TABLE 1. Network scale.

TABLE 2

TABLE 2. Network structure characteristics.

FIGURE 4

FIGURE 4. Degree distribution of the datasets: DBLP, ACM and Yelp. (A) Degree distribution of DBLP. (B) Degree distribution of ACM. (C) Degree distribution of Yelp.

Tables 1, 2 showed the three heterogeneous networks had differing scales and densities. The complex edge types led to overall sparse edges and small densities, especially for DBLP. Additionally, the three datasets exhibited contrasting diameter, average distance, and average degree. Therefore, the three datasets provided good diversity to verify the method’s effectiveness.

5.2 Evaluation criterion

5.2.1 Node propagation capability

The ability to disseminate information is a key factor to evaluate the importance of node [8]. There are many information propagation models like independent cascade model [20], linear threshold model [21], and disease spreading models [5]. Among them, the susceptibility-infection model (SI) [5] and susceptibility-influence model (SIR) [12] are the most commonly used in key node identification researches. Therefore, we used the SI and SIR models to evaluate the effectiveness of the method [22]. The SI model simulates the spread of an epidemic, where nodes can only change their status from susceptible (S) to infectious (I). Infected nodes have a probability $β$ of infecting their susceptible neighbors each time step, and once a node is infected, it will remain in that state [5]. In SIR model, infected nodes have the probability $γ$ to recover as immune individuals and no longer participate in the infection [12].

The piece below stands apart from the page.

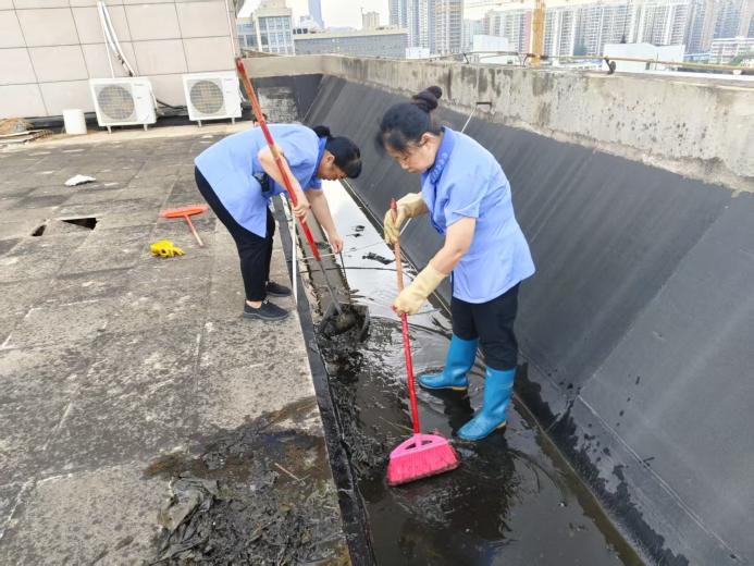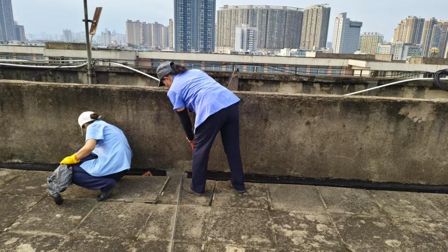 农学院楼宇天台排水设施清理
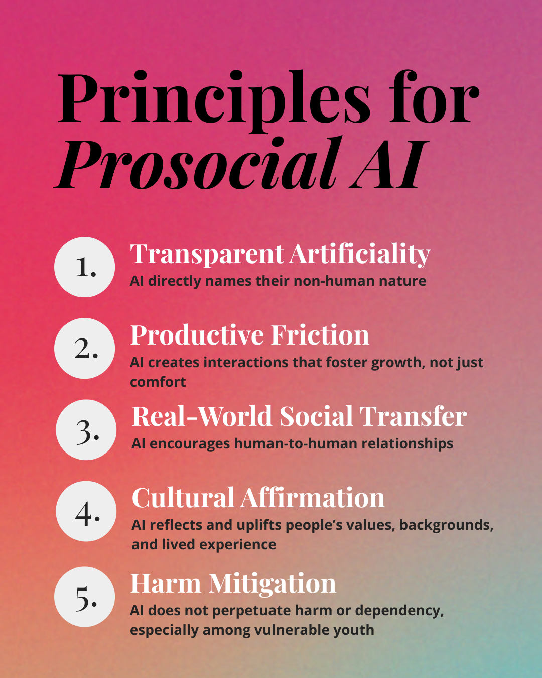 This work led to the creation of our five Pro-Social Principles, a practical framework for designing and evaluating AI that supports human-to-human relationships. Partners use these principles to audit tools, guide product design, and make more intentional choices about how AI shows up in young people’s relational lives.

To demonstrate the method’s effectiveness in identifying key nodes, experiments set iteration times to 20, and used propagation scope as the evaluation metric. 100 experiments were conducted to reduce bias, with infectious scope calculated by averaging. In the SI experiments, a large $β$ would cause overspreading and rapid full network infection. This prevents distinguishing key node importance. Also, there are differences in the sparsity and actual propagation probability in different networks. Thus, $β$ was set to 0.05 for academic networks and 0.01 for e-commerce networks. In the SIR model, $γ$ is set to the double of $β$ . The propagation scope formula was as Eq. 20:

f (t) = 1 - \frac{|S_{t}|}{|V|}, (20)

where the $S_{t}$ is the set of susceptible nodes at time step $t$ , $f (t)$ denotes the infection scope at time step t.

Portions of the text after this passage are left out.